Doha came and went with a couple of hours on the ground and back into a 787 Dreamliner for the second leg. I’d bought a set of noise cancelling ear buds and am very happy with them. They cut out most of the background hum that adds to the tiring experience of long haul flights – but they don’t deal with crying babies so well. Might even make them clearer because the background noise is muffled. I like in ear buds and not the headphones so I can sleep on them without the bulk of the headphones.
The Dreamliner had as much legroom but not as much side room as the A380, but we all arrived in Oslo in good shape. Exiting the plane took a few minutes longer than expected then we were standing in the airbridge in the hot sun – it was 27°C outside and sunny. Slowly the queue moved along and nearly two hours later we cleared immigration. Jean had arrived on an Emirates flight half an hour ahead and it was reassuring for all of us to wave to each other – knowing we had met up. She’d flown from Queensland.
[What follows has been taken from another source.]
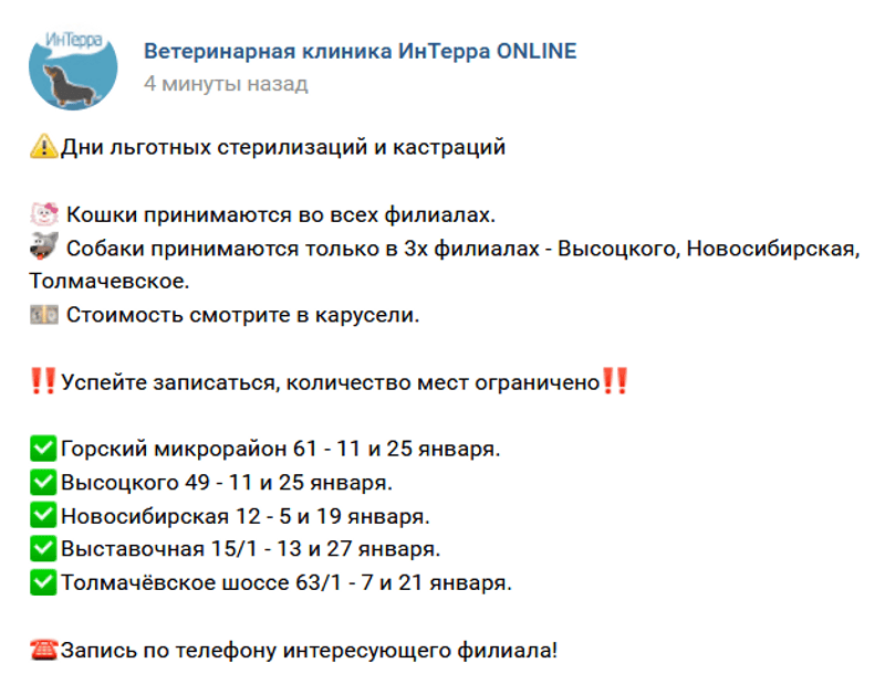 У жителей Советского района есть возможность стерилизовать домашнее животное по льготной цене 8 и 24 июля по адресу ул. Кутателадзе, 14а, бердчане смогут провести льготную стерилизацию питомца 13 и 30 июля на Комсомольской, 3. По двум адресам расположена ветеринарная клиника «Доктор Вет». Всем кураторам бездомных собак организаторы акции сообщают: – стерилизация любой бездомной собаки в "Ветлекаре" на Красном, 169/1 – 1500 руб.; дни акции – каждый понедельник и четверг; – стерилизация бездомной собаки весом до 25 кг в "Ветцентре на Высоцкого, 49" – 1500 руб.; дни акции – каждый вторник и суббота. Записываться нужно в группе.

Another delay getting baggage with 10 carousels but none marked with our flight. Eventually line 6 was announced to be the one, and we found our bags had been loaded onto the floor, then reloaded onto the carousel given the time delay. As I had my laptop and camera lens in the checked bag to even out the carry on weight, I was rather pleased to find it was all intact. Carrying $25 rubber boots from Bunnings that weigh over 3kgs seems like a wasteful use of energy!
We found our way to the train station which was part of the airport and for some reason I bought five tickets instead of four. At around A$20 each, it was worth pleading stupidity and getting a refund. Given they couldn’t believe a single traveller would buy five tickets, they gave me a refund for four tickets, so I needed to buy another three tickets. If this is confusing, you should have been there. Fortunately my travelling companions are patient!
Onto the lovely train for the 23 minute journey into Oslo. Wi-fi on board. Crowded. There is a slightly faster and more expensive private train – this one by NSO the public system,was fine. Fast and quiet. One stop.
Once in central Oslo train station out came my mapping app and it came into it’s own. Guiding us through the city streets to our accommodation and taking around ten minutes walking. Rather like I had expected the little walk I planned for Kerry and I in Vancouver that ended up in us being delivered by a Police car. …..
No Police car seen or needed this trip. Arrived at door to set of apartments but hadn’t heard from the AirBnb host. Hmm. What next?
We needed to phone her – but didn’t want to use roaming on the phones. I’d set up Groundwire app and using my VOIP provider MyNetFone on wifi was going to be easy. Plenty of free wifi in Oslo they said. Just none where we were. So fortunately I had bought some roaming data for the iPad and soon enough a phone call had got through and the host turned up.
She’d been waiting for us at the train station, and had sent Jenny a text whilst were on the train. Jenny hadn’t got this message because she’d not turned on roaming on her phone and was still on airline mode. Nothing lost in the end and Lata showed us around her lovely apartment.
A shopping trip for supplies found Barry, Jean and Jenny at the pub. Other things were also bought. No take away alcohol is for sale in Norway on weekends.
Lovely salad for dinner, and climbing into bed was wonderful – 28 hours after leaving Perth!!!